Data shown:
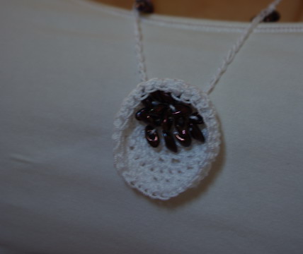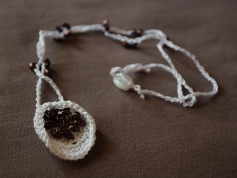 Ezt a nyakláncot teljes egészében horgolással készítettem. Különös fészeknek neveztem el, a fészekszerű kehelyben ücsörgő, irizálóan lila gyöngyöcskék miatt. A lánc részt is horgoltam, időnként pedig gyöngyöket is fogtam a szemek közé. Izgalmas volt figyelni, hogyan alakul egységgé a két egymástól teljesen különböző anyag.
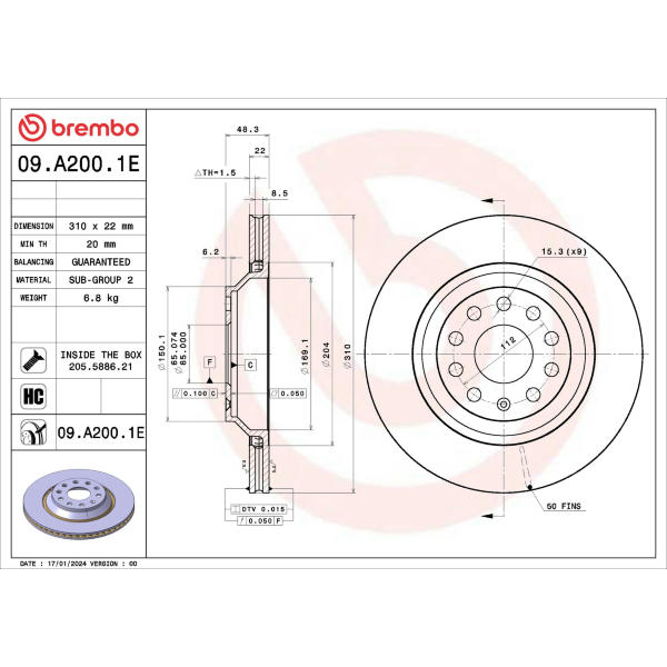 Brzdový kotúč BREMBO 09.A200.1E
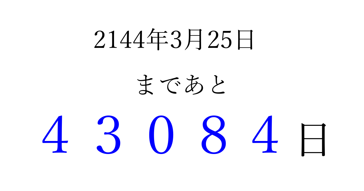 2144年3月25日(水)まで あと 99999 日です 追加すると、トップページからすぐ選べるようになります ※2026/04/09現在の結果です。 最新の状態に更新する ↓シェアして、タイムライン上にカウントダウンを表示しよう!↓ 📤 この結果を共有する Tweet シェア Threads Bluesky 別の日付でカウントダウン 2144年3月のカレンダー このページをブックマークに追加すると、いつでもカウントダウンを確認できます。 (PC: Ctrl+D / Mac: ⌘+D) hitome-notes.comでは以下のページも運営しています。 指定日と期間から日付を計算 | ガチャ確率計算・シミュレーション | プライバシー・ポリシー 運営者:Avocado
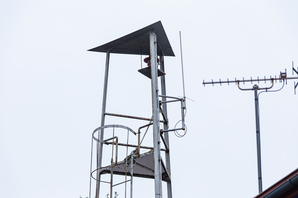 屋根はごく浅い三角形で、避雷針や風向計、屋根飾りなどの装飾は見られない。見張台も張り出しのない三角形で、高欄と水平材は鋼管製。
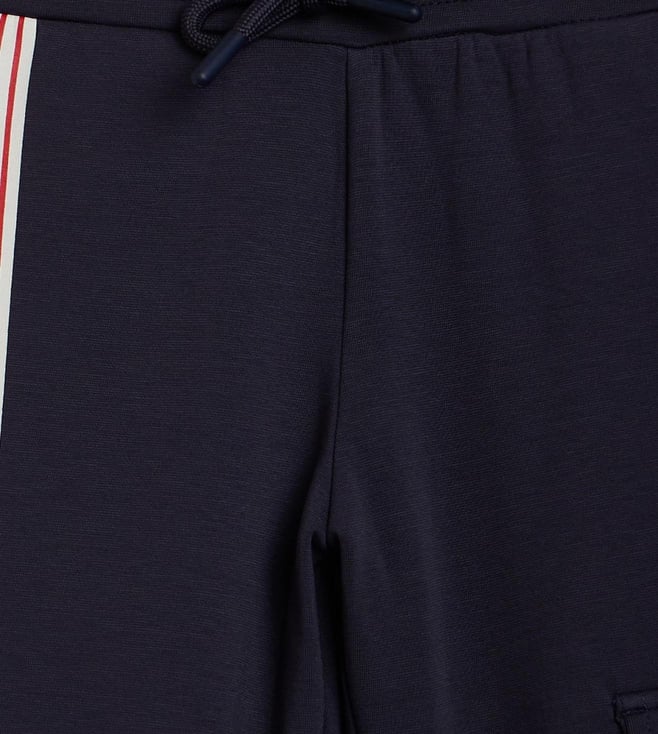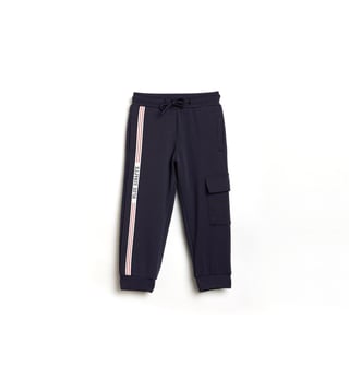 This trendy and sporty edge navy blue sweatpants made up of 70% Cotton, 25% Terry and 5% Spendex will make your kid look outstanding. It features a stretchable fabric and eye-catchy graphic print while making it comfortable and stylish at the same time. It's a perfect pick for everyday wear and casual outing
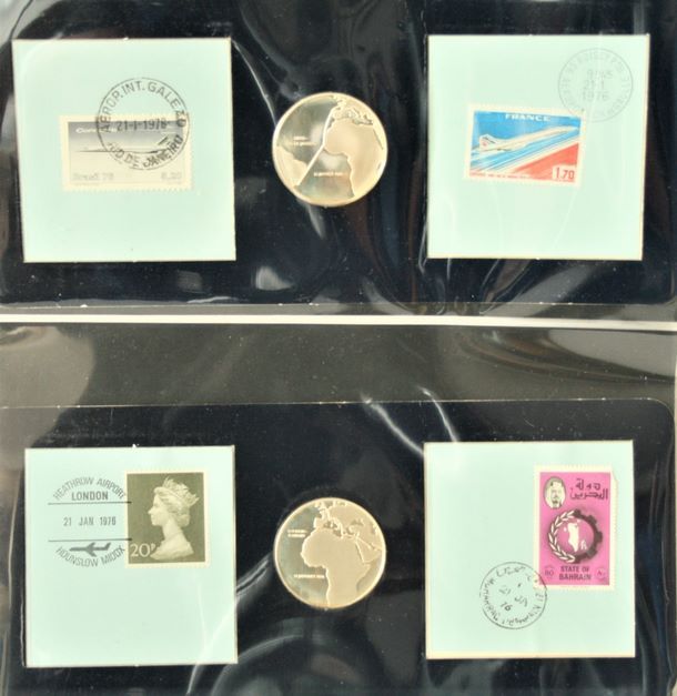 Satz von 2 Briefmarken und Silbermünzen zur Erinnerung an Flugverbindungen mit Abstempelung der Briefmarken jedes Landes am 21. Januar 1976: Jungfernflug PARIS-RIO DE JANEIRO in CONCORDE und Jungfernflug LONDON-BAHREIN, sehr guter Zustand - Gewicht: 40,4 g
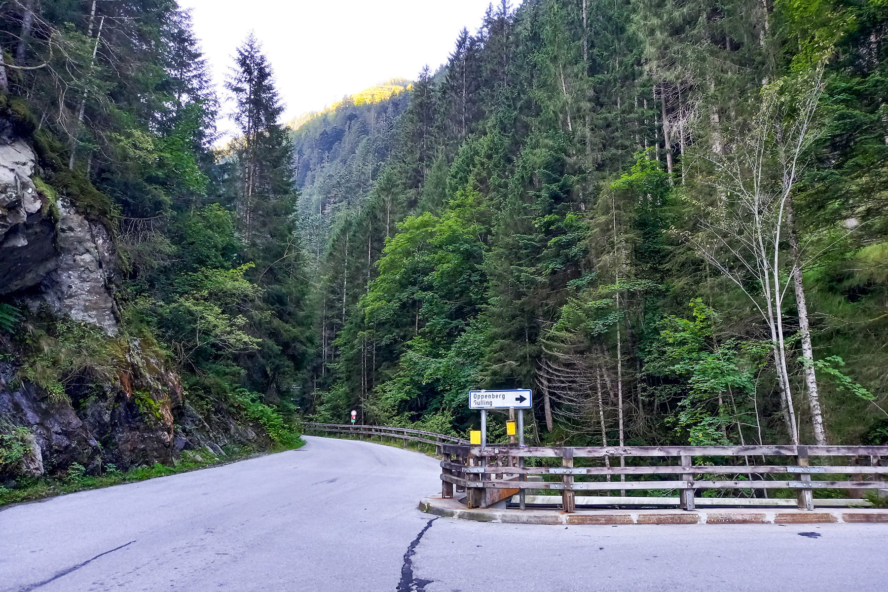 Nach etwa einer Stunde erreiche ich Oppenberg und muss noch drei Kilometer ins Gullingtal radeln, bis ich den Ausgangspunkt meiner Wanderung erreiche. Direkt an der Straße beginnt die Markierung, die mir den Weg zur Seekoppe weist.

Exercise details: Retype the whole listing exactly. Do not include the pictures.

Reply to the exercise:
 Ezt a nyakláncot teljes egészében horgolással készítettem. Különös fészeknek neveztem el, a fészekszerű kehelyben ücsörgő, irizálóan lila gyöngyöcskék miatt. A lánc részt is horgoltam, időnként pedig gyöngyöket is fogtam a szemek közé. Izgalmas volt figyelni, hogyan alakul egységgé a két egymástól teljesen különböző anyag.
 Brzdový kotúč BREMBO 09.A200.1E
 2144年3月25日(水)まで あと 99999 日です 追加すると、トップページからすぐ選べるようになります ※2026/04/09現在の結果です。 最新の状態に更新する ↓シェアして、タイムライン上にカウントダウンを表示しよう!↓ 📤 この結果を共有する Tweet シェア Threads Bluesky 別の日付でカウントダウン 2144年3月のカレンダー このページをブックマークに追加すると、いつでもカウントダウンを確認できます。 (PC: Ctrl+D / Mac: ⌘+D) hitome-notes.comでは以下のページも運営しています。 指定日と期間から日付を計算 | ガチャ確率計算・シミュレーション | プライバシー・ポリシー 運営者:Avocado
 屋根はごく浅い三角形で、避雷針や風向計、屋根飾りなどの装飾は見られない。見張台も張り出しのない三角形で、高欄と水平材は鋼管製。
 This trendy and sporty edge navy blue sweatpants made up of 70% Cotton, 25% Terry and 5% Spendex will make your kid look outstanding. It features a stretchable fabric and eye-catchy graphic print while making it comfortable and stylish at the same time. It's a perfect pick for everyday wear and casual outing
 Satz von 2 Briefmarken und Silbermünzen zur Erinnerung an Flugverbindungen mit Abstempelung der Briefmarken jedes Landes am 21. Januar 1976: Jungfernflug PARIS-RIO DE JANEIRO in CONCORDE und Jungfernflug LONDON-BAHREIN, sehr guter Zustand - Gewicht: 40,4 g
 Nach etwa einer Stunde erreiche ich Oppenberg und muss noch drei Kilometer ins Gullingtal radeln, bis ich den Ausgangspunkt meiner Wanderung erreiche. Direkt an der Straße beginnt die Markierung, die mir den Weg zur Seekoppe weist.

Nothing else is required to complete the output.